# YOUR ASSIGNMENT
Every line from the top of the records below through the one containing "Der Bürgerturm in" must be copied exactly, and the pictures must not be.
[[ SUPPLIED RECORDS open ]]
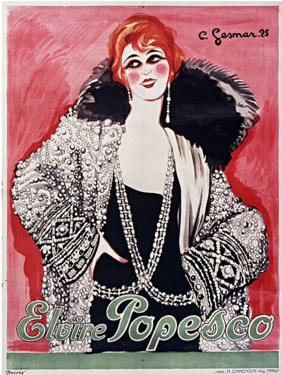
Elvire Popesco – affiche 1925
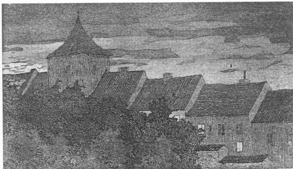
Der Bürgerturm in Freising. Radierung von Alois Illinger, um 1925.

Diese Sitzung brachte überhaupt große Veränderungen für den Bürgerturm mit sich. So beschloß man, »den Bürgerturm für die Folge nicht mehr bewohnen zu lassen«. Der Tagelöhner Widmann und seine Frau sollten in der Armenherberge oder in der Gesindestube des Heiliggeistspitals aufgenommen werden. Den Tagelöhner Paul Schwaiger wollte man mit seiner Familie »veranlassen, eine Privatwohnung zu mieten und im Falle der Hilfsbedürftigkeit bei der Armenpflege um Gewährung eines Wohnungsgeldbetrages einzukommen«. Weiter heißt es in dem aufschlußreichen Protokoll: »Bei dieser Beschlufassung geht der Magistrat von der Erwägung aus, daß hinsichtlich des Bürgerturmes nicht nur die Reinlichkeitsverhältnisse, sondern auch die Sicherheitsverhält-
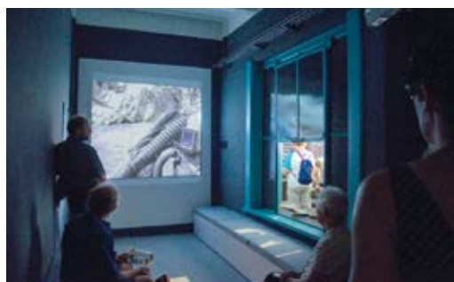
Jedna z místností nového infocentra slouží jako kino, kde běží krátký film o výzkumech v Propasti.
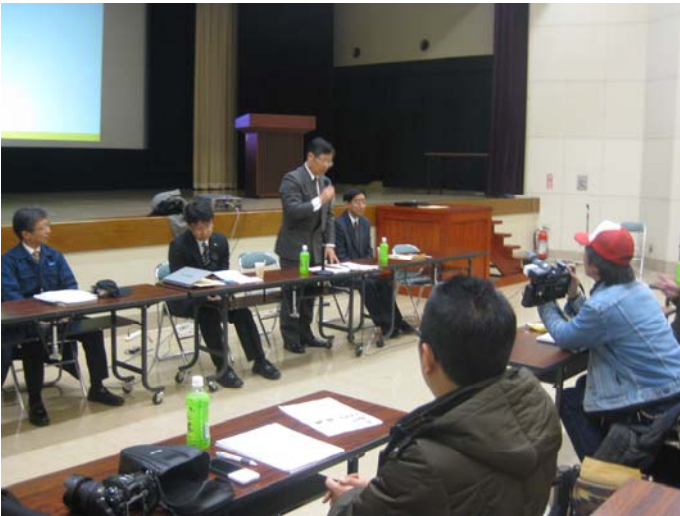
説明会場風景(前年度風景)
[[ SUPPLIED RECORDS closed ]]
# RESULT OF THE EXERCISE
Elvire Popesco – affiche 1925
Der Bürgerturm in Freising. Radierung von Alois Illinger, um 1925.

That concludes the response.